I know a lot of people, many of them friends. But when I think about it, not all of them are friends; they are really acquaintances. They are people I’ve met through many of the interests I have and who I see off and on, some more frequently than others. Well then, who are your true friends? Are they people who you see more often? Are they people who would do anything in the world for you? And if they are, is it because they owe you a favor? Is that really friendship … or a sort of a business deal that doesn’t involve any material product, but rather some other kind of favor?

I’ve just spent a few days with Trudi. You might remember her from my memoir, Becoming Alice; she’s the little girl with whom I came to this country. I grew up with her in Portland, Oregon and our families were very close. That friendship was cemented when, as newly arrived refugees in America, no one else accepted us as we were. In fact we were different. We were different from all those around us, whether they were Anglo-Saxon, Italian, Jewish, are any other ethnic group. There was nobody quite like the small group of Jewish immigrants who had escaped from Hitler’s murderous European grasp. We were traumatied for sure and it took us a long time to get to even keel.
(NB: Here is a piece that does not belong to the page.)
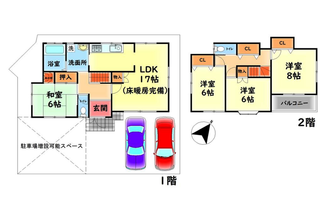 設備・特徴 | 公営水道 都市ガス 公共下水 全居室収納あり LDK16帖以上 ゆとりの4LDK 駐車2台OK トイレ2ヶ所 全居室6帖以上 急行停車駅 学校近し 土地広 食洗機 床暖房 浴室乾燥機 壁付キッチン | ||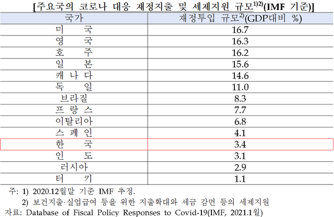 16일 양경숙 더불어민주당 의원이 공개한 IMF ‘주요국의 코로나 대응 재정지출 규모’에 따르면 우리나라의 GDP(국내총생산)대비 재정지출은 3.4%로 경제규모 10위권 국가 중 최하위라고 밝혔다.

Clinging together as refugees allowed us to get to know each other very well under very stressful conditions without covering up our true natures. Despite all the internal jealouses and conflicts amongst ourselves, we forgave one another and continued to stick together. Our friendships survived.

There are not many people who know me with all of my faults, my weaknesses, my scars, my shortcomings. Trudi is one of them and she accepts me as I am. How lucky to have her, along with perhaps another handful of people, who I consider as more than friends.